Serialization is not the hard part.

The semweb community was obsessed with ontologies and OWL and schemas and
taxonomies. If we can just break the problem down enough, the logic went, then
systems will be able to infer new data about the world. But it never worked
out that way.

Eventually you just have to write some code. If you have to write code anyway,
all the taxonomies and RDF in the world aren't helpful (indeed, they're almost
certainly the least efficient way to model the problem). You just scrape the
pieces of knowledge out of whatever JSON, HTML, or whatever else and glue them
together with the code. You don't need the all-knowing semantic web, you just
need a .csv of whatever tiny piece of it you care about.

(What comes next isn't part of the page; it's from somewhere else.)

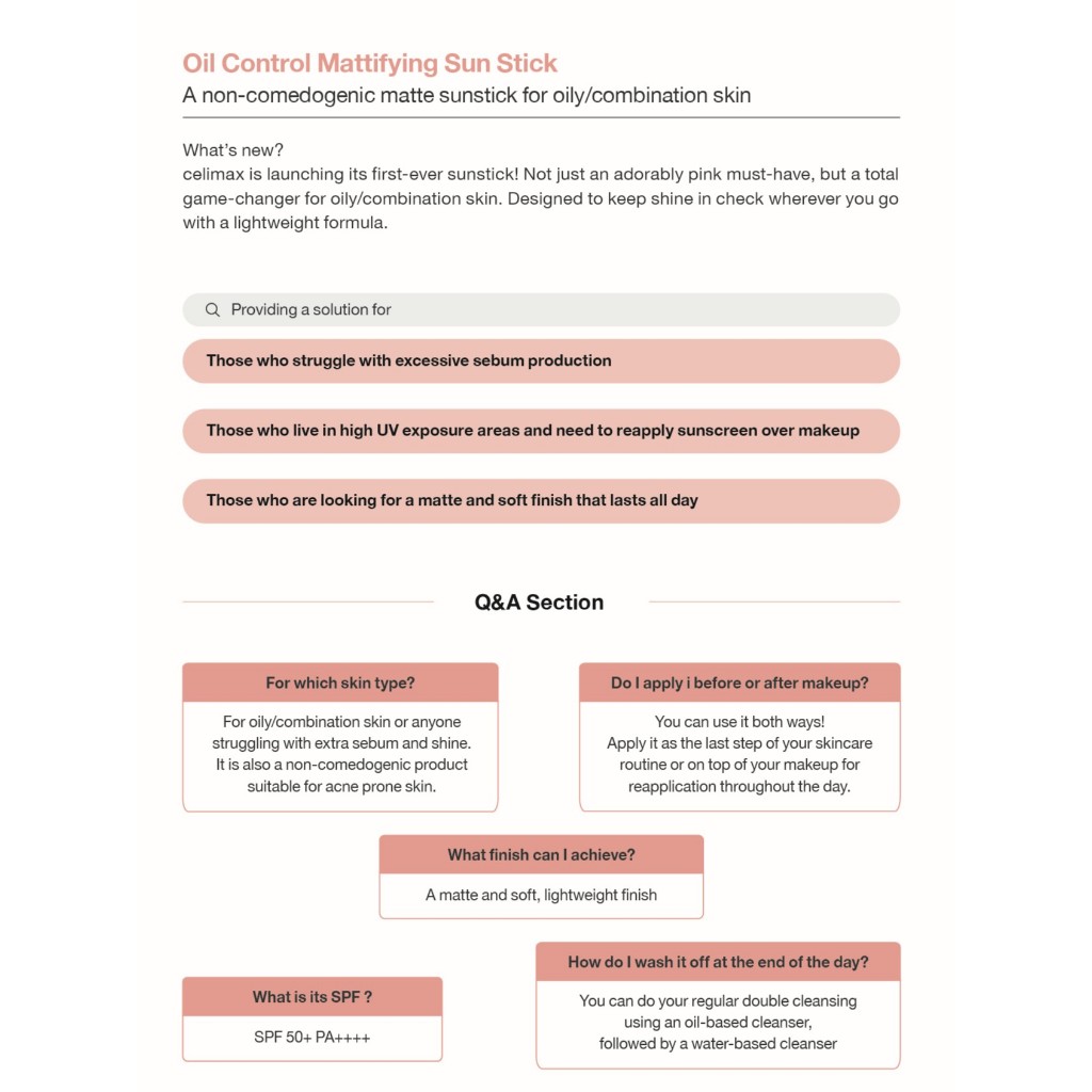 CELIMAX Oil Control Mattifying Sun Stick SPF/PA++++ 50+, 19g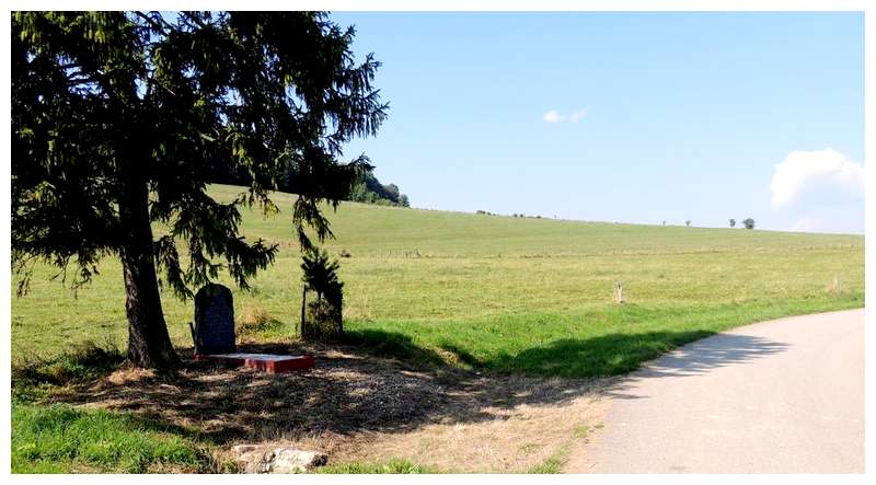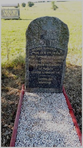 Depuis le panneau GOVILLER, en venant de Vezelise, à 500 métres à droite, prendre la rue de Cobarial et suivre sur 1km800. Stèle érigée en mémoire du Sous-lieutenant Daniel tombé le 2 septembre 1944, à proximité du terrain de parachutage « Jaquette ». ![]() |

I have a distinct memory of trying to sell someone on the startup I was
working on, a SPARQL database. I was pitching RDF as a way to model the
problem, but eventually the person I was pitching just said "well, we can just
outsource the scraping to our eastern european devs and put it all in one big
table." I had a kind of "oh my" moment where I realized that the startup was
never going to work: in the real world, you just write code and move on.
Taking part in the great semantic knowledge base of the world doesn't matter
and isn't needed.

The other end of semweb, the "machine-readable web", more or less came to
pass. schema.org, opengraph, and that sort of thing did 99% of what the semweb
community wanted at 5% of the effort. The fact that all of that data is not in
one giant database doesn't really matter to anyone; you rarely care about more
than 2 or 3 web pages at once.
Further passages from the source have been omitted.